▶ _Provided entries_
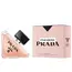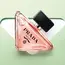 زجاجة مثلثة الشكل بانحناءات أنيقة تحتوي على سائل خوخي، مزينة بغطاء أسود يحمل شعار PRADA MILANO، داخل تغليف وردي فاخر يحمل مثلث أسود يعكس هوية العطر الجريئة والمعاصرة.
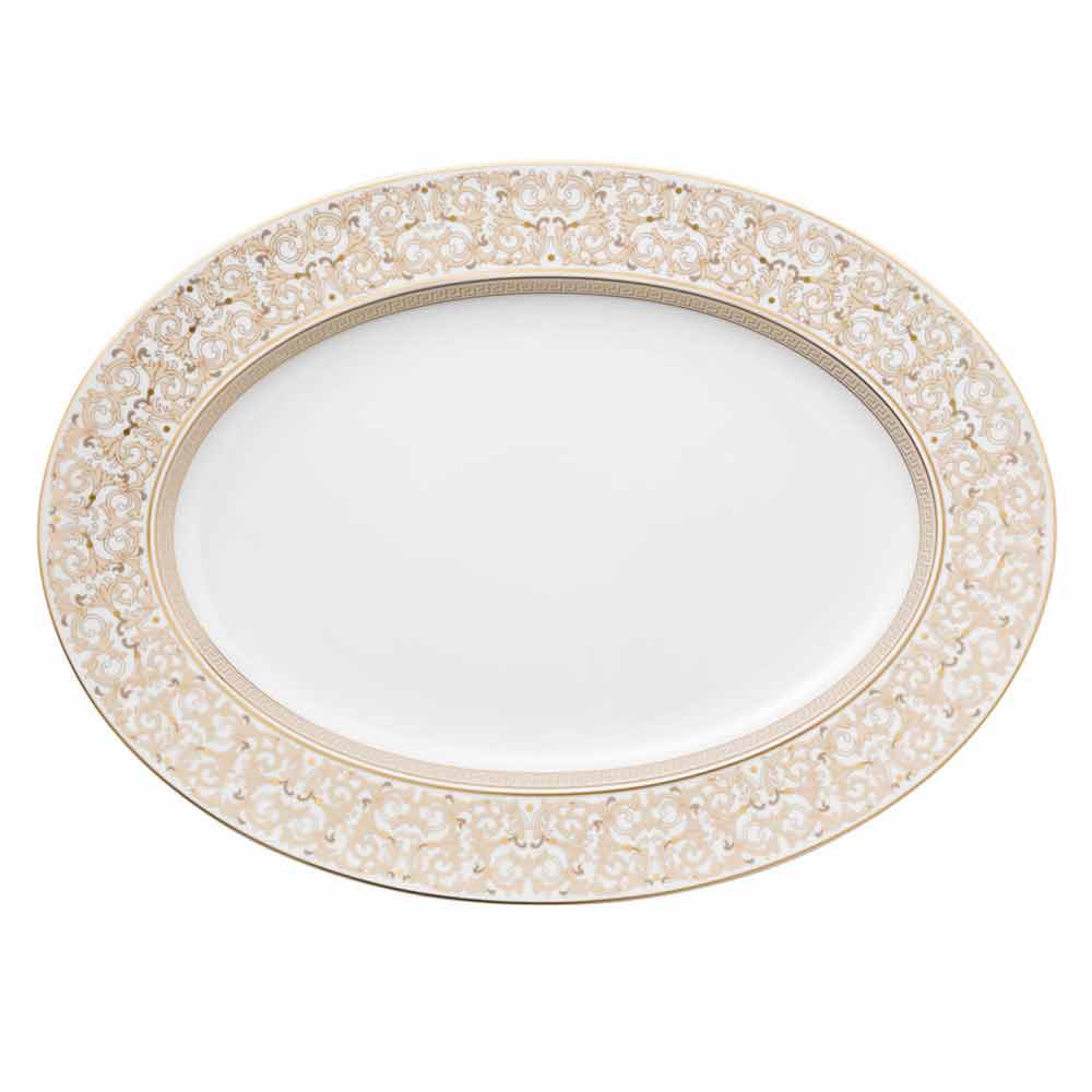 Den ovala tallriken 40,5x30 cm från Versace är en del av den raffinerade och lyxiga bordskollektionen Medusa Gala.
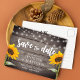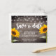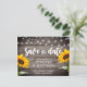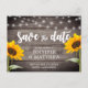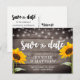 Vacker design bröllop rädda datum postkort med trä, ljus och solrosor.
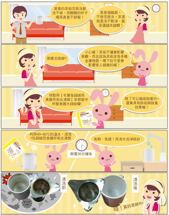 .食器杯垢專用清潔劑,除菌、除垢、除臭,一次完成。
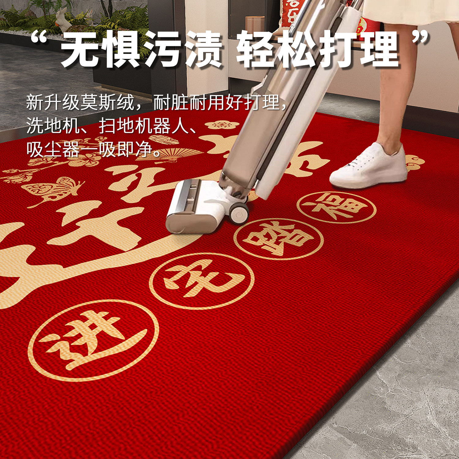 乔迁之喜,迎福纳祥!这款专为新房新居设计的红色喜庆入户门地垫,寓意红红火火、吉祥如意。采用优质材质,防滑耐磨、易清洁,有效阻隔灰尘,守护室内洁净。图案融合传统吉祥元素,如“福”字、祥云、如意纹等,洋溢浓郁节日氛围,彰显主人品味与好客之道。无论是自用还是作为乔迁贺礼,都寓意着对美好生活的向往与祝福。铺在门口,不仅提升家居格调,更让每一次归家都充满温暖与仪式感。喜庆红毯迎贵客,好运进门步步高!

---

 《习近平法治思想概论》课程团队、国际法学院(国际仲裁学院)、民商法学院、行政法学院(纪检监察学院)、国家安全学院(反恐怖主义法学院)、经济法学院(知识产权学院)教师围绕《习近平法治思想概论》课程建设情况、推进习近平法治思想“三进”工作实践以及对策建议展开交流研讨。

▶ _Activity_
Within the listing above, print exactly the stretch beginning at the line that contains "زجاجة مثلثة الشكل" and finishing at the line that contains "乔迁之喜,迎福纳祥!这款专为", ends kept, pictures left out, and nothing more.

▶ _Finished task_
 زجاجة مثلثة الشكل بانحناءات أنيقة تحتوي على سائل خوخي، مزينة بغطاء أسود يحمل شعار PRADA MILANO، داخل تغليف وردي فاخر يحمل مثلث أسود يعكس هوية العطر الجريئة والمعاصرة.
 Den ovala tallriken 40,5x30 cm från Versace är en del av den raffinerade och lyxiga bordskollektionen Medusa Gala.
 Vacker design bröllop rädda datum postkort med trä, ljus och solrosor.
 .食器杯垢專用清潔劑,除菌、除垢、除臭,一次完成。
 乔迁之喜,迎福纳祥!这款专为新房新居设计的红色喜庆入户门地垫,寓意红红火火、吉祥如意。采用优质材质,防滑耐磨、易清洁,有效阻隔灰尘,守护室内洁净。图案融合传统吉祥元素,如“福”字、祥云、如意纹等,洋溢浓郁节日氛围,彰显主人品味与好客之道。无论是自用还是作为乔迁贺礼,都寓意着对美好生活的向往与祝福。铺在门口,不仅提升家居格调,更让每一次归家都充满温暖与仪式感。喜庆红毯迎贵客,好运进门步步高!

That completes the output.